Stroke patients are known to demonstrate higher diffuse activation in multiple brain regions, including motor-related areas while performing motor tasks during the early stages [21]. The lateralization and focus on the contralateral primary sensorimotor cortex are minimized during unilateral motor functions in stroke patients. Good recovery is mainly associated with near-normal network parameters. Decreased interaction of the premotor and supplementary motor areas with the ipsilesional motor cortex is a sign of functional impairment [22].

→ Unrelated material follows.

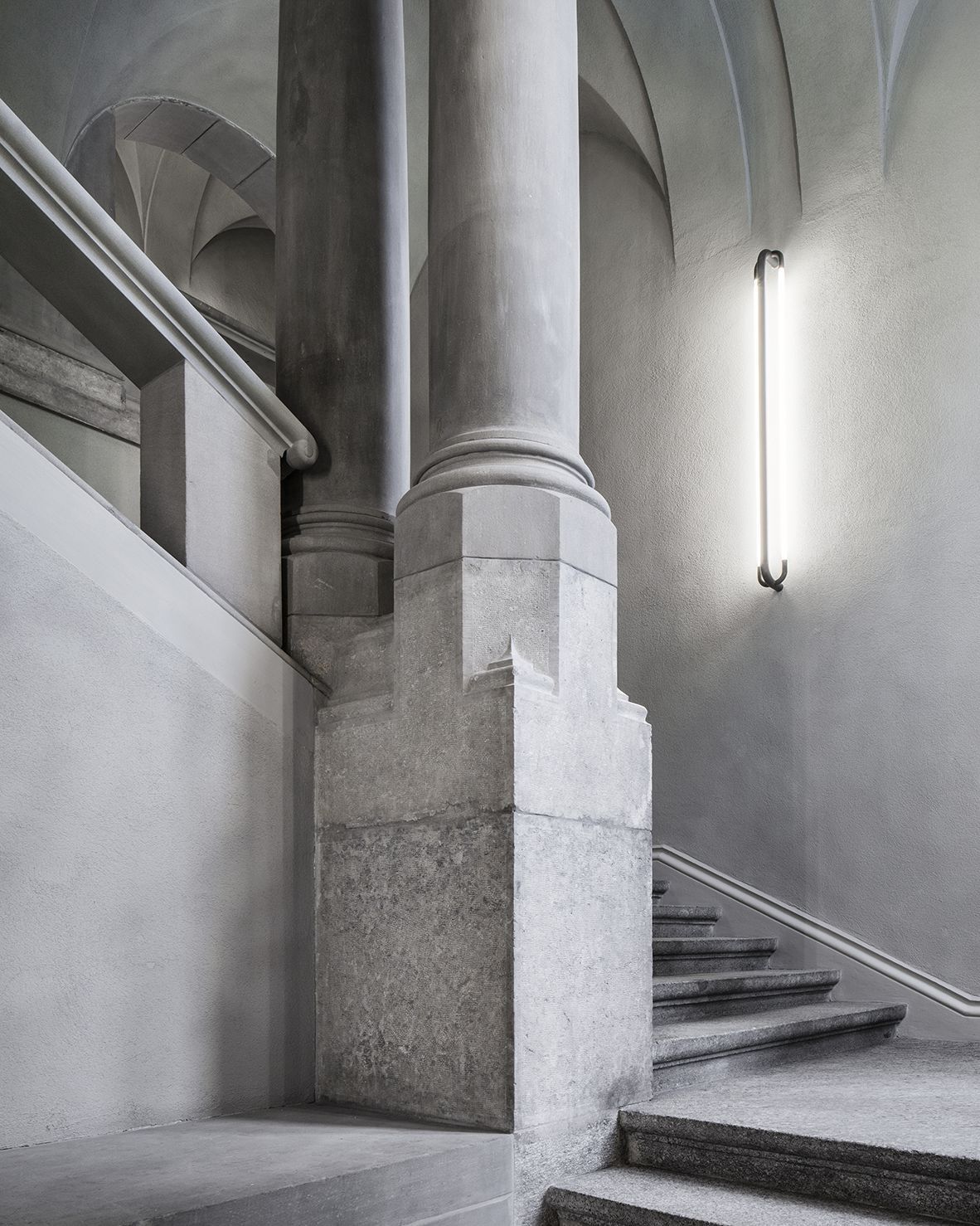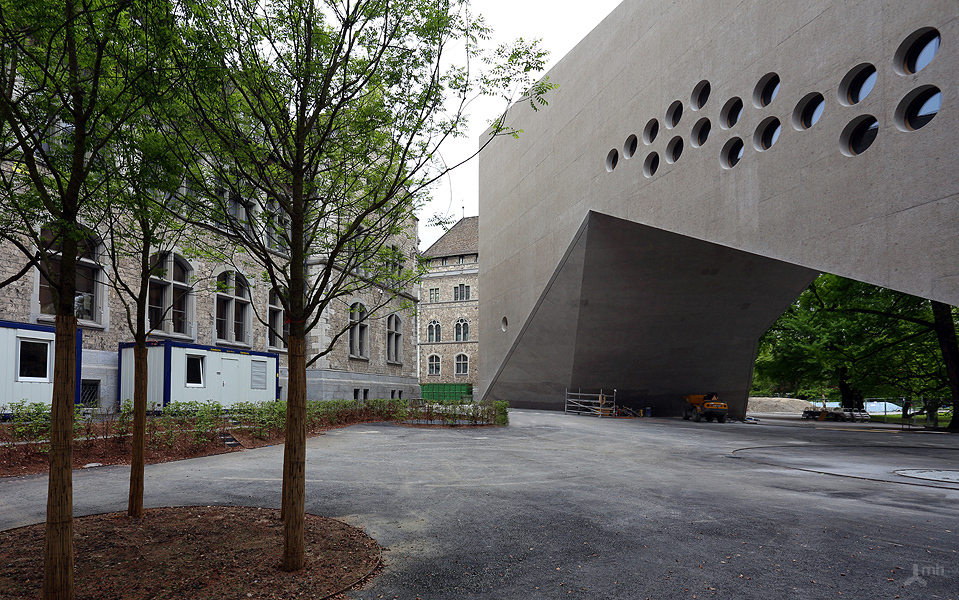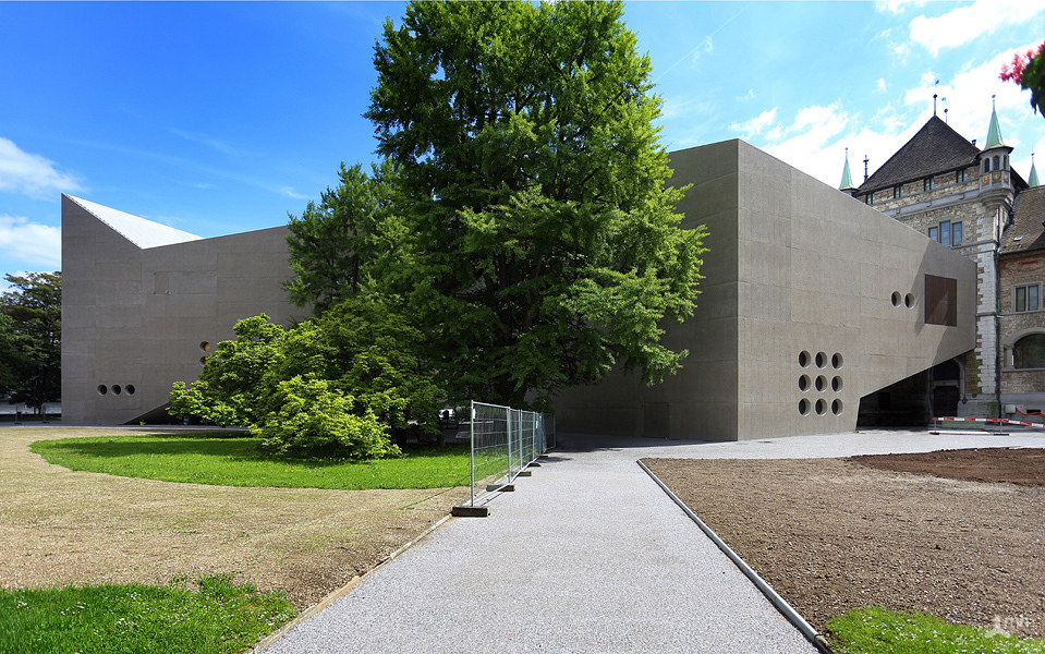 Die Umbauarbeiten am Landesmuseum Zürich auf der Halbinsel zwischen Limmat und Sihl hinter dem Hauptbahnhof haben einen Meilenstein erreicht: Nach 15 Jahren Ausschreibung, Wettbewerb[1], Planung, Vor- und Bauprojekt sowie Ausführung ist der fünfgeschossige Erweiterungsbau von Christ & Gantenbein Architekten seit Juli 2016 eröffnet. Die in Grund- und Aufriss mehrfach geknickte Erweiterung dockt an den Bestand von 1898 an und schliesst den U-förmigen Haupttrakt des Altbaus von Gustav Gull. Sie behebt den Platzmangel des Museums – Ausstellungsflächen, eine Bibliothek und ein Auditorium für öffentliche Veranstaltungen finden darin Platz – und ermöglicht erstmals einen Rundlauf durch alle Ausstellungsräume.

We used a combination of NEMS, tDCS, and occupational therapy methods as our rehabilitation program. These results are similar to a recent systematic review reporting the effectiveness of cyclic NMES in hemiplegic patients with acute and sub-acute stroke on improving motor function of the upper limb and increased FMA-UE scores compared to healthy controls. They also confirmed the effectiveness of NMES in upper limb motor recovery in chronic stroke. However, these results mainly consisted of small case series with no control group [23]. Moreover, a meta-analysis by Elsner investigated the impact of tDCS on improving activities of daily living (ADL) and arm function after stroke. This study found no evidence of the effectiveness of either tDCS method on post-stroke upper limb function assessed by FMA-UE [24]. In contrast, another meta-analysis confirmed the positive effects of tDCS on post-stroke rehabilitation of the upper limb. Also, they found an increased effect of tDCS in chronic stroke compared to acute and sub-acute stroke and suggested that the modulation of neural activity between interhemispheric could be the underlying mechanism [25].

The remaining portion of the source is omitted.